The problem: Copy each record exactly and skip its pictures.

Source data

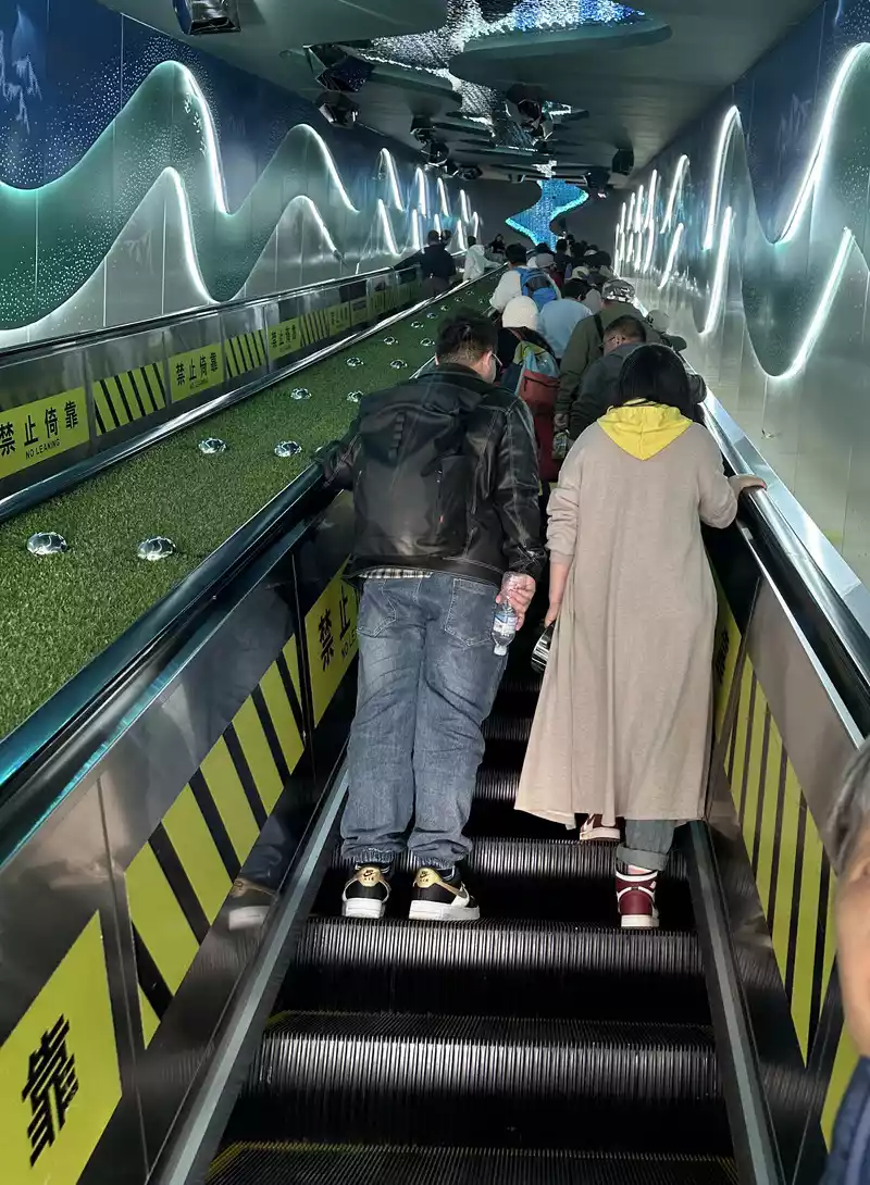 The ground was too deep and we couldn't climb any higher. My wife and I chose to take the escalator back to the ground, which costs 50 yuan per person for a single trip (70 yuan for a combined ticket of 70 yuan per person). The escalator goes up and down almost vertically. There are 4 sections in total, and each section has about sixty or seventy steps. It’s easy to pay for it.
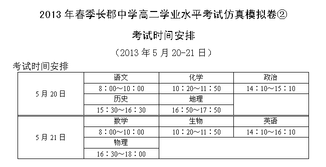 2013年春季長(zhǎng)郡中學(xué)高二學(xué)業(yè)水平考試仿真模擬卷②考試時(shí)間范圍(2013.05.20-21)
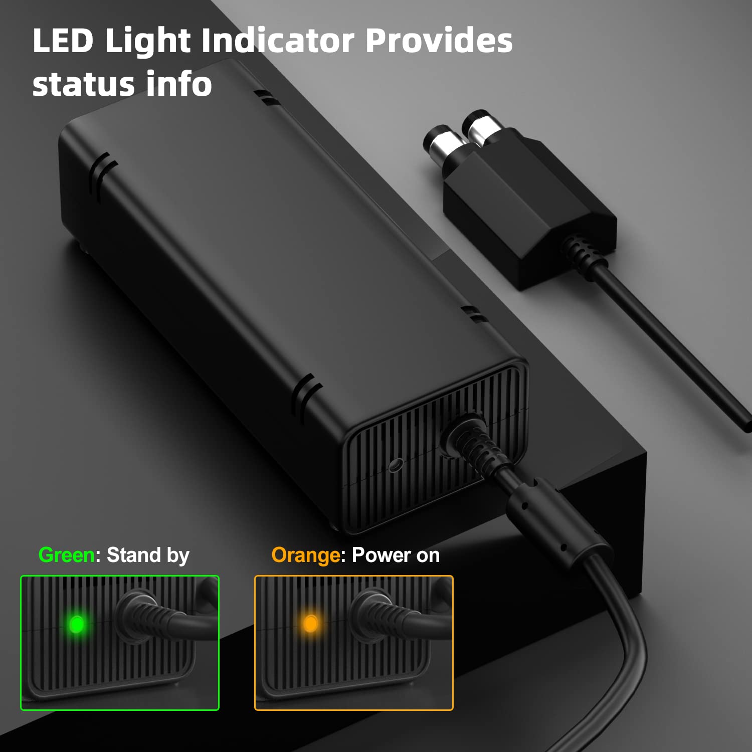 Easy to Use--xbox 360 slim power supply with LED Lights Indicate,when plug it in, the orange LED shows the adapter on stand by mode while the green LED shows that the adapter is ON.
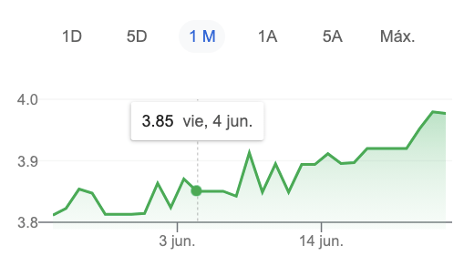 En el mercado cambiario, el sol aguantó mejor la tempestad, lo que limitó la suba del dólar a un 3,37% en el período mencionado, algo posible en virtud de una fortísima venta de billetes verdes por parte del Banco Central de Reserva del Perú.
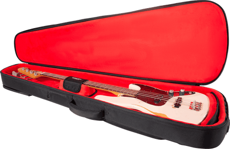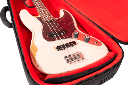 - Interior de microterciopelo rojo: forro de micro-velvet suave, que cuida el acabado del bajo y mejora la sujeción del instrumento.
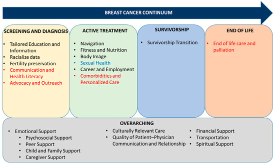 Black-identifying patients face many barriers to the receipt of equitable breast cancer care; however, little is currently known about the unique needs of this patient population, particularly in Canada. To address this gap, we identified and thematically grouped constructs from the published literature

Written solution:
 The ground was too deep and we couldn't climb any higher. My wife and I chose to take the escalator back to the ground, which costs 50 yuan per person for a single trip (70 yuan for a combined ticket of 70 yuan per person). The escalator goes up and down almost vertically. There are 4 sections in total, and each section has about sixty or seventy steps. It’s easy to pay for it.
 2013年春季長(zhǎng)郡中學(xué)高二學(xué)業(yè)水平考試仿真模擬卷②考試時(shí)間范圍(2013.05.20-21)
 Easy to Use--xbox 360 slim power supply with LED Lights Indicate,when plug it in, the orange LED shows the adapter on stand by mode while the green LED shows that the adapter is ON.
 En el mercado cambiario, el sol aguantó mejor la tempestad, lo que limitó la suba del dólar a un 3,37% en el período mencionado, algo posible en virtud de una fortísima venta de billetes verdes por parte del Banco Central de Reserva del Perú.
 - Interior de microterciopelo rojo: forro de micro-velvet suave, que cuida el acabado del bajo y mejora la sujeción del instrumento.
 Black-identifying patients face many barriers to the receipt of equitable breast cancer care; however, little is currently known about the unique needs of this patient population, particularly in Canada. To address this gap, we identified and thematically grouped constructs from the published literature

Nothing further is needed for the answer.